Livre e não solta

Alguém já disse que este governo durante o dia usa linguagem democrática, mas à noite reúne-se em conchavos stalinistas. Trata-se, na verdade, de uma figura de retórica para traduzir, de forma compreensível, uma realidade que a cada dia mais se afirma. O autoritarismo, mesmo que camuflado em normas tidas e havidas como democráticas, já está chegando à luz do dia. A cada vez que um dos mandantes se pronuncia, sente-se um ranço de autoritarismo difícil de ser camuflado.

Quando alguém do governo comete uma irregularidade ou se sugere que a cometeu, exigem o silêncio, dão de ombros ou ameaçam os denunciantes. Quando o Ministério Público denuncia alguém do governo, ameaçam-no com a subtração de seus poderes de investigar crimes isolada ou conjuntamente com a polícia. Pensa-se em fazê-lo voltar àqueles tempos em que tinha de aguardar os inquéritos policiais para só agir depois, como se a criminalidade fosse pouca e simples para dispensar um corpo de investigadores qualificados, de nível superior, que vem para ajudar as polícias, nem sempre organizadas, eficientes e não raro desmoralizadas.
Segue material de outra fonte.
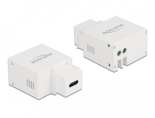 This module by Delock provides a USB Type-C charging port. With its standardised dimensions it can be used for easy snap-in mounting in e.g. a Keystone patch panel, face plate or surface-mount box.

Quando a imprensa divulga suspeitas contra gente da cozinha do governo ou seus comensais, propõe-se a criação de um Conselho Federal de Jornalismo, inexplicavelmente iniciativa da própria Federação dos Jornalistas, com o entusiasmo do situacionismo. As normas contidas neste conselho e em outros instrumentos de fiscalização, organização e controle da atividade artística e intelectual vazaram. Fora de hora, saíram na internet, provocando desde logo repúdio, principalmente daqueles que serão objeto das amarras que a nova legislação possibilita. E de instituições, como a Ordem dos Advogados do Brasil, além de pronunciamentos isolados de parlamentares e ministros das cortes superiores de Justiça, além da Associação dos Magistrados do Brasil.

A censura à imprensa é uma triste lembrança dos tempos ditatoriais daqui e de todos os países do mundo que viveram ou ainda vivem regimes autoritários.
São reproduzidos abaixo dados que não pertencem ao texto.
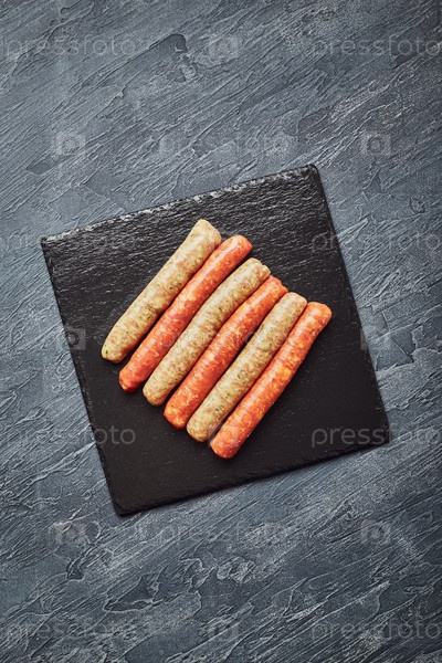 Сырые мясные колбаски на грифельной доске. Вид сверху

Quem tem o poder discricionário entende que é seu direito ditar aos meios de comunicação e aos jornalistas o que lhe aprouve, o que não dizer e como dizer. Omitir e mentir eram ordens que deveriam ser obedecidas. A desobediência resultava em duras penas, inclusive a prisão, e não foram poucos os casos de pena de morte.

Nós queremos para o Brasil uma imprensa livre e responsável. Livre e não solta, ou seja, ela não tem o direito de dizer ao povo o que bem entende. Deve se ater à verdade, podendo opinar. E, aí, nada a estranhar se alguém discordar, seja do público ou autoridade. Parte da nossa imprensa age com irresponsabilidade, distorcendo os fatos e não raro lançando suspeitas infundadas contra este ou aquele cidadão ou autoridade. Às vezes, faz acusações diretas e infundadas. No Brasil, a impunidade é quase que generalizada, beneficiando até ladrões do povo e assassinos. Dela se beneficiam os maus jornalistas. Mas a solução não é partir para uma legislação que permita ao governo ou outro qualquer organismo que crie, manipular os meios de comunicação, suspendendo sobre eles um cutelo ameaçador.
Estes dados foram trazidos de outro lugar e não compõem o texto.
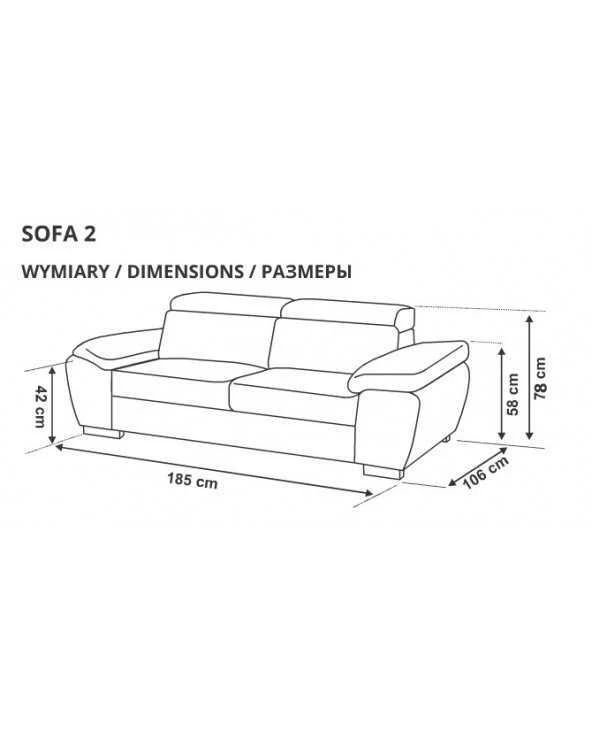 Plotis | 3-vietės 215 cm; 2-vietės 185 cm |

Existe um arcabouço judiciário e é a Justiça que deve ser o instrumento para punir, seja a empresa de comunicação que aja em desacordo com a verdade, seja o jornalista que abusa de sua liberdade, não respeitando a verdade e a liberdade dos outros. Ela deve ser acionada e as penas para o jornalismo criminosamente irresponsável precisam ser severas. Não precisamos nem queremos qualquer legislação que possa, usada por dirigentes autoritários, impor a censura aos meios de comunicação. O povo e a democracia sairão perdendo.